= Tracey McDermott =

UK financial services executive

Tracey Elizabeth McDermott was the acting chief executive of Britain's Financial Conduct Authority (FCA) from September 2015 until 1 July 2016.

==Career==
From 2001 she was employed at the Financial Services Authority as director of supervision and authorisations and director of enforcement and financial crime. She became a board member in April 2013. She was a non-executive director of the Prudential Regulatory Authority from September 2015 to June 2016 and has also been a member of the Financial Policy Committee of the Bank of England.

In January 2016 she robustly rejected widespread suggestions that a decision by the FCA (announced on 31 December 2015) to scrap an inquiry and report into possible causal links between financial incentives for bankers and the role of the British banks in the 2008 financial crisis was the result of government instructions or other related pressures on the operational entity for which she is accountable.
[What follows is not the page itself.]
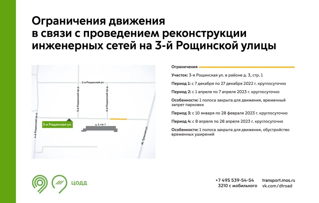 С 7 по 27 декабря 2022 года, с 10 января по 28 февраля и с 1 по 28 апреля 2023 года изменится схема движения на участке 3-й Рощинской улицы в районе дома 3, строения 1.

In January 2017 McDermott joined Standard Chartered as a group head with responsibility for corporate affairs & brand. From March 2018 she also had responsibility for compliance.

==Awards==
McDermott was appointed Commander of the Order of the British Empire (CBE) in the 2016 Birthday Honours for services to financial services consumers and markets.

She is an honorary professor at Queen Mary University of London.

==Personal life==
McDermott studied at Queen Mary University of London School of Law. She trained in law, qualifying as a solicitor in 1995 and initially worked in private practice with law firms in the UK, USA and Brussels.
She is married to a professor of Imperial College London, Spencer Sherwin, and they have two children.